══ ENTRIES SUPPLIED
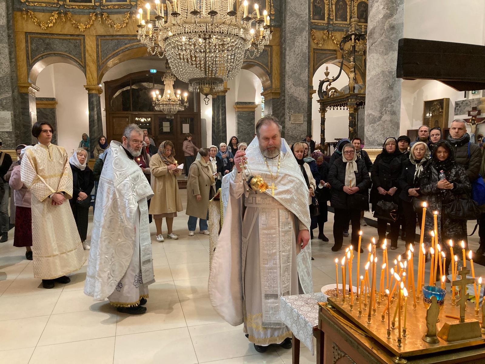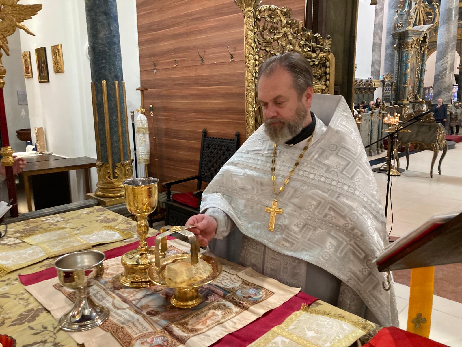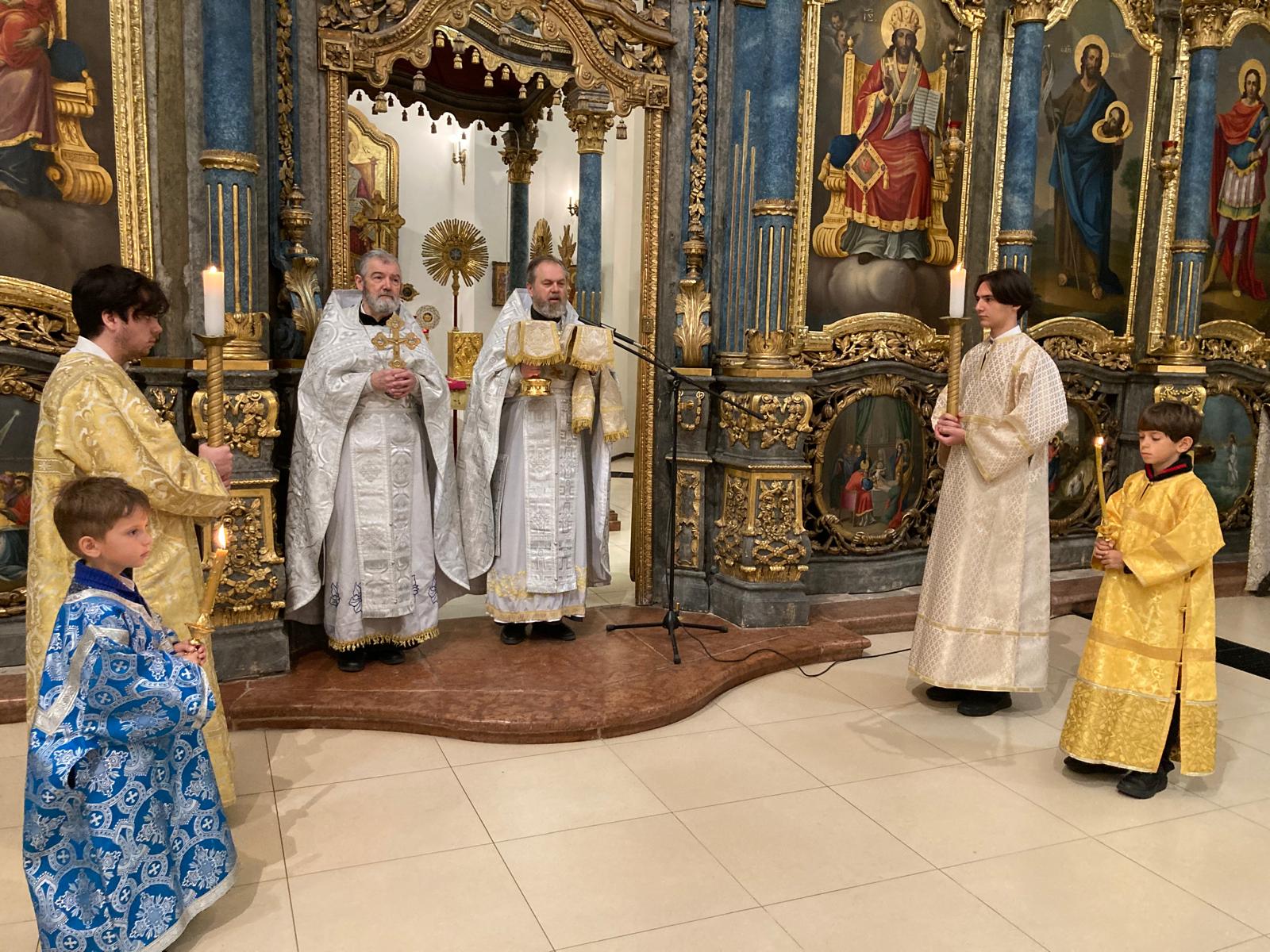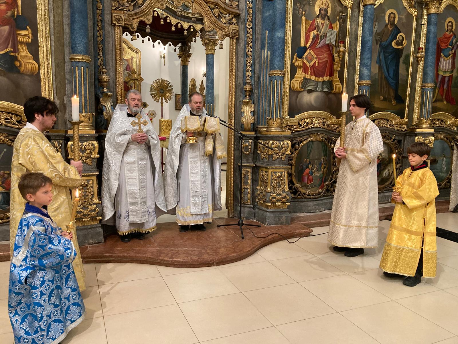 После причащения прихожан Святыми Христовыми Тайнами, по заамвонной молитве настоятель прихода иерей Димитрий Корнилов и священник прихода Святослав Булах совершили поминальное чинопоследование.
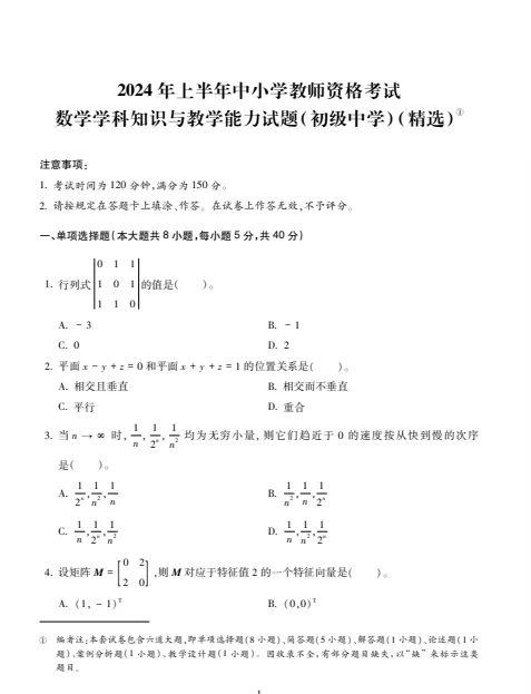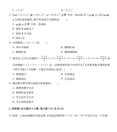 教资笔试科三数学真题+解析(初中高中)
════
══ ENTRIES SUPPLIED
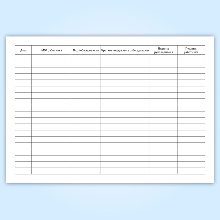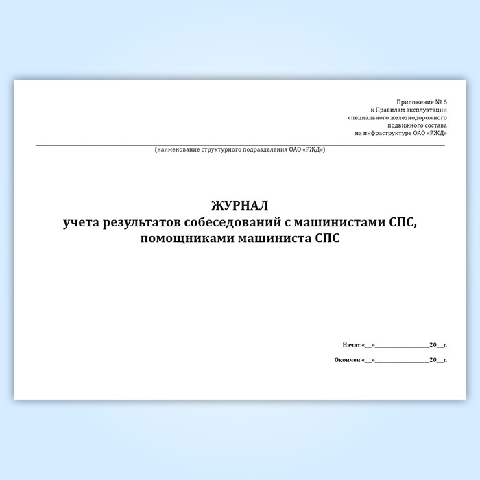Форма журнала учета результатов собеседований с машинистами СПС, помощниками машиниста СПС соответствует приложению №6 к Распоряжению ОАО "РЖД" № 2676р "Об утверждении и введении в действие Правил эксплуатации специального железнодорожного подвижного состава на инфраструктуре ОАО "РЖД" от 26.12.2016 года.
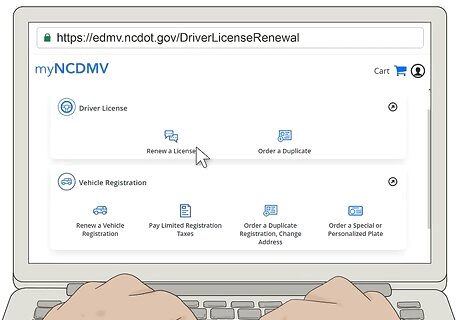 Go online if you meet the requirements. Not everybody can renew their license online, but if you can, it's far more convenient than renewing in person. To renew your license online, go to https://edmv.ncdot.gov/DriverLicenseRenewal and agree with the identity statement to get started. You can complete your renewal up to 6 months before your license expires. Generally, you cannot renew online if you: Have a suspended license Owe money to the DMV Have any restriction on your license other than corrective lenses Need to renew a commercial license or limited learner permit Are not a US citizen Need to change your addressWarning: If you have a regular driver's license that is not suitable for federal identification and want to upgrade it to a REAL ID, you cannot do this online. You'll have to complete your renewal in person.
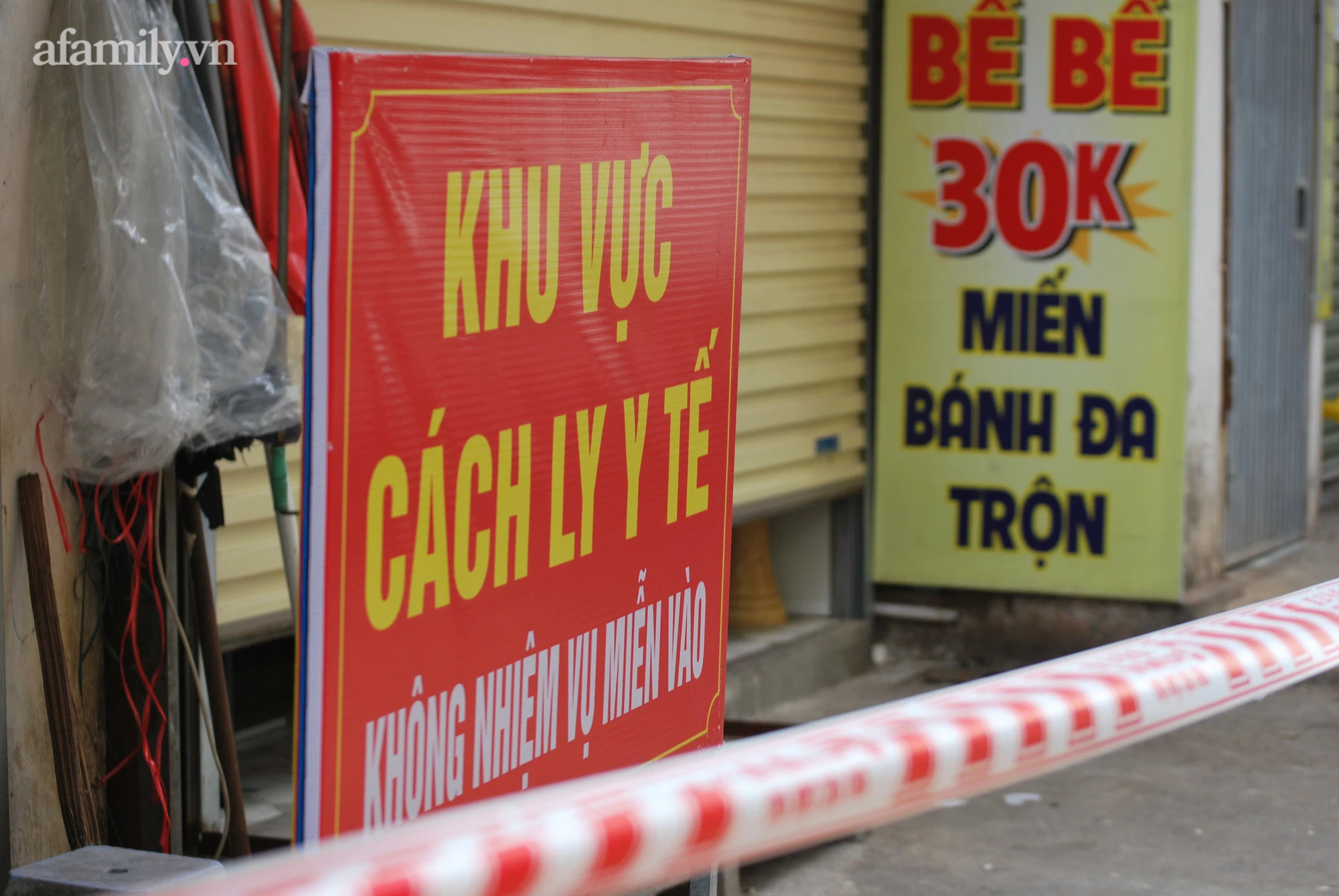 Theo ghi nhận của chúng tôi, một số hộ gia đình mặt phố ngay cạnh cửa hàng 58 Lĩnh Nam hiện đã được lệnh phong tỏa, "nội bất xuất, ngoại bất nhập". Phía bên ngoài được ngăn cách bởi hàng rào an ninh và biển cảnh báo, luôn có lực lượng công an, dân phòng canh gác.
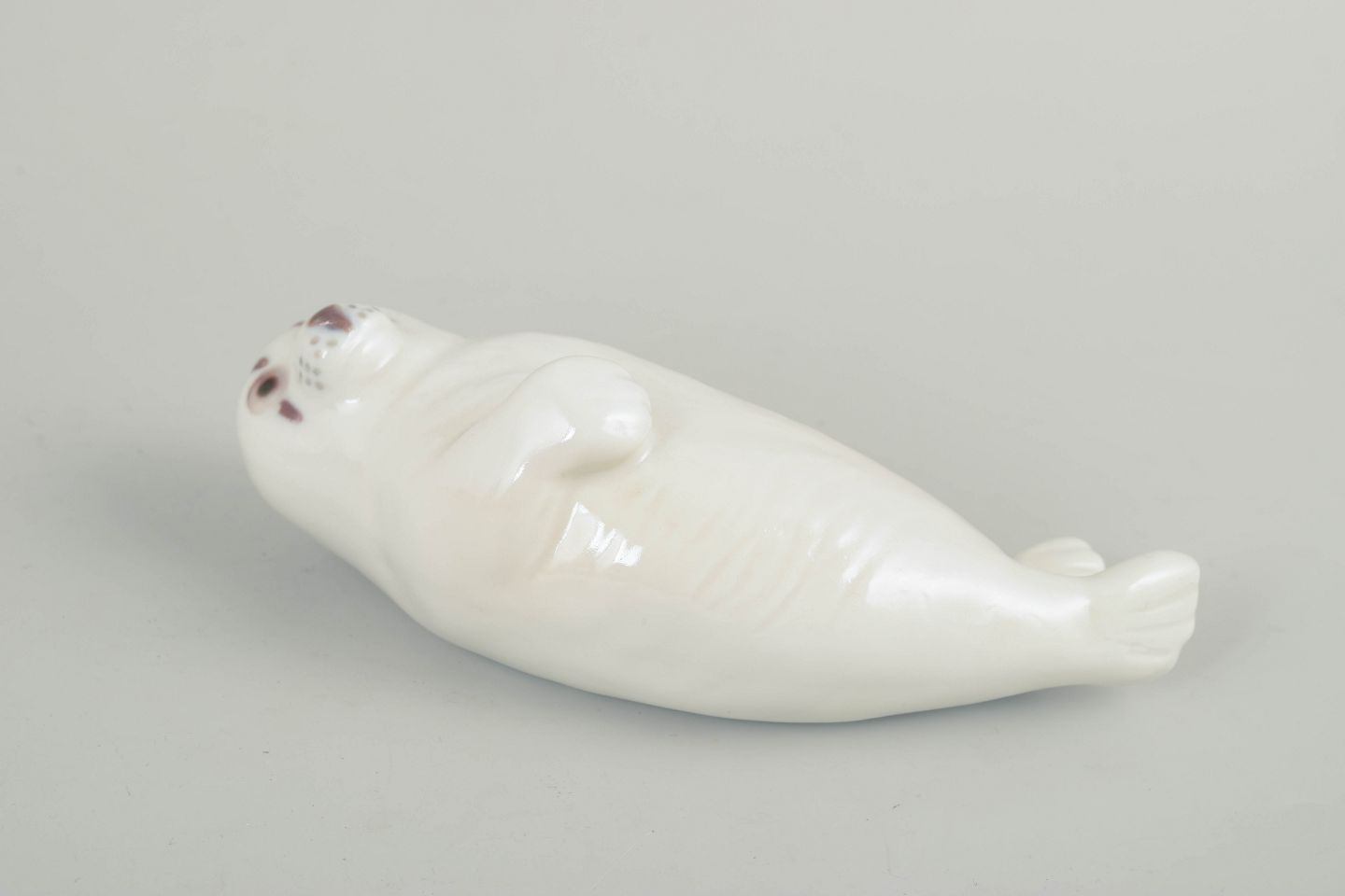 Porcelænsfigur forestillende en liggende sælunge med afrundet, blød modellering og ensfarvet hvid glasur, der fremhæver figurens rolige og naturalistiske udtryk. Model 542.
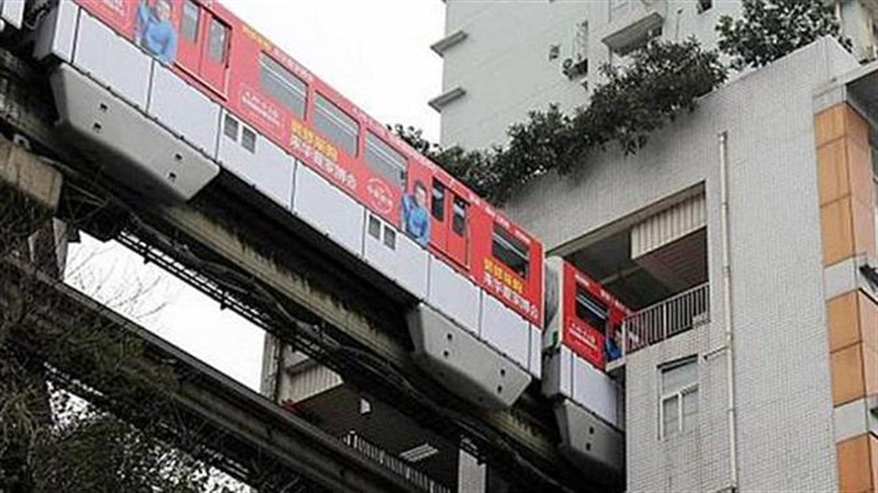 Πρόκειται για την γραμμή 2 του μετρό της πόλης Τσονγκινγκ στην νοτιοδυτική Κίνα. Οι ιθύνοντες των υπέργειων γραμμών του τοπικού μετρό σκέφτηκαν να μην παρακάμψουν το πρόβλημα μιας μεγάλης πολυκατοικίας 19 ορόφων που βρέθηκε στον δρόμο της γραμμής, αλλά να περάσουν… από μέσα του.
════
══ ENTRIES SUPPLIED
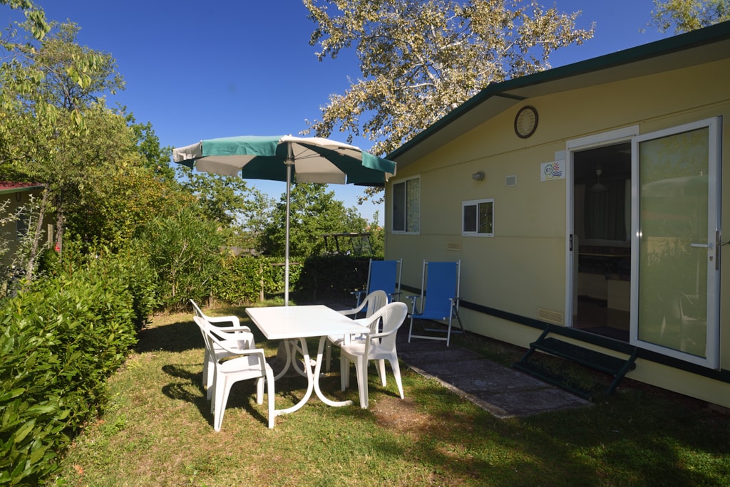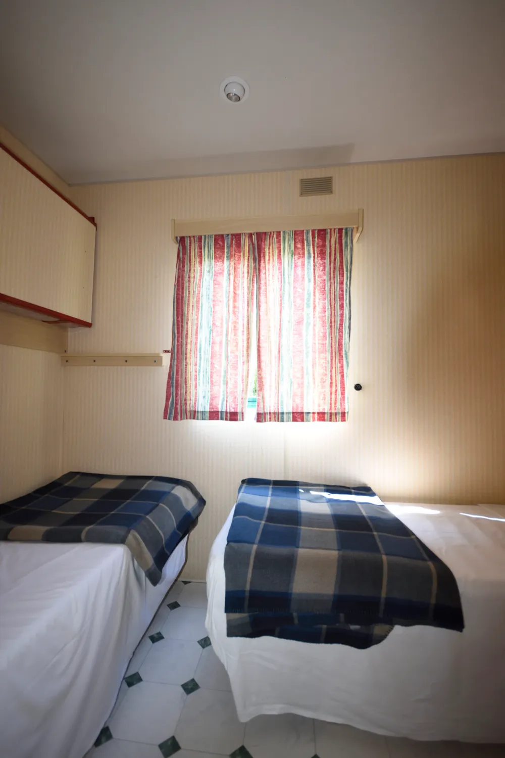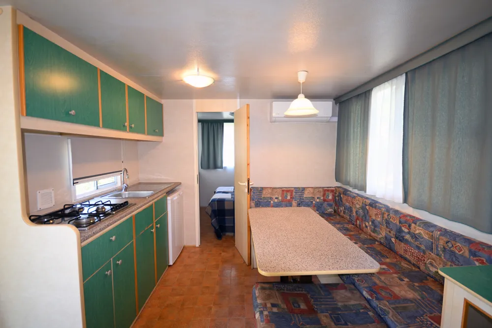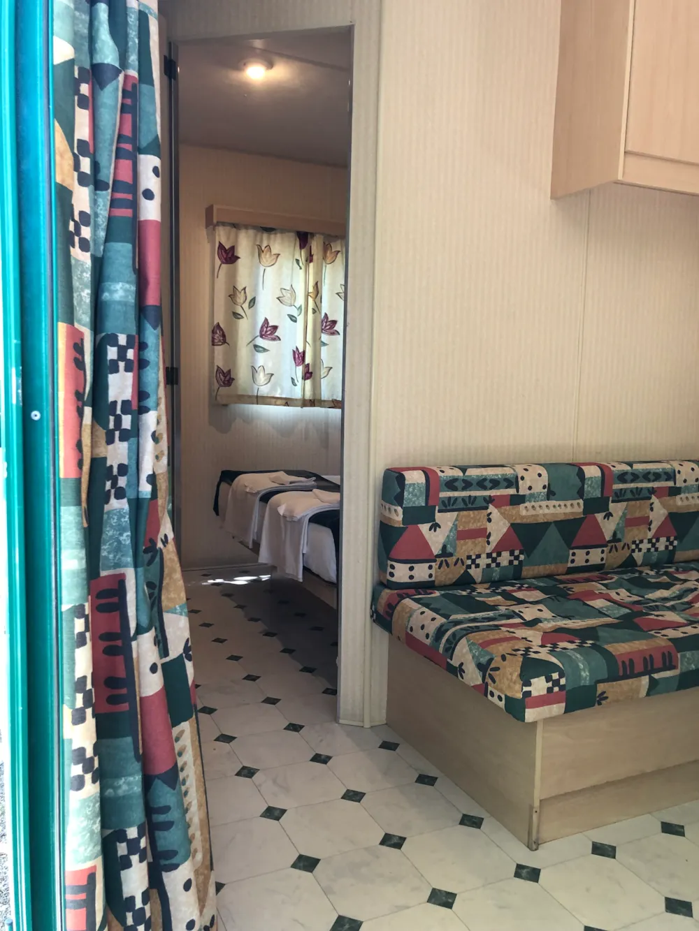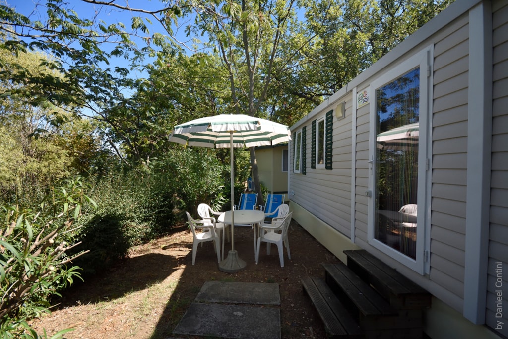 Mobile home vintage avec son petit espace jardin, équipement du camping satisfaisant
════
▶ **WORK TASK**
In the records above, everything from the line with "Go online if" down to the line with "Porcelænsfigur forestillende en" is to be set down exactly, both ends included, with no pictures and no other lines.

▶ **OUTPUT**
 Go online if you meet the requirements. Not everybody can renew their license online, but if you can, it's far more convenient than renewing in person. To renew your license online, go to https://edmv.ncdot.gov/DriverLicenseRenewal and agree with the identity statement to get started. You can complete your renewal up to 6 months before your license expires. Generally, you cannot renew online if you: Have a suspended license Owe money to the DMV Have any restriction on your license other than corrective lenses Need to renew a commercial license or limited learner permit Are not a US citizen Need to change your addressWarning: If you have a regular driver's license that is not suitable for federal identification and want to upgrade it to a REAL ID, you cannot do this online. You'll have to complete your renewal in person.
 Theo ghi nhận của chúng tôi, một số hộ gia đình mặt phố ngay cạnh cửa hàng 58 Lĩnh Nam hiện đã được lệnh phong tỏa, "nội bất xuất, ngoại bất nhập". Phía bên ngoài được ngăn cách bởi hàng rào an ninh và biển cảnh báo, luôn có lực lượng công an, dân phòng canh gác.
 Porcelænsfigur forestillende en liggende sælunge med afrundet, blød modellering og ensfarvet hvid glasur, der fremhæver figurens rolige og naturalistiske udtryk. Model 542.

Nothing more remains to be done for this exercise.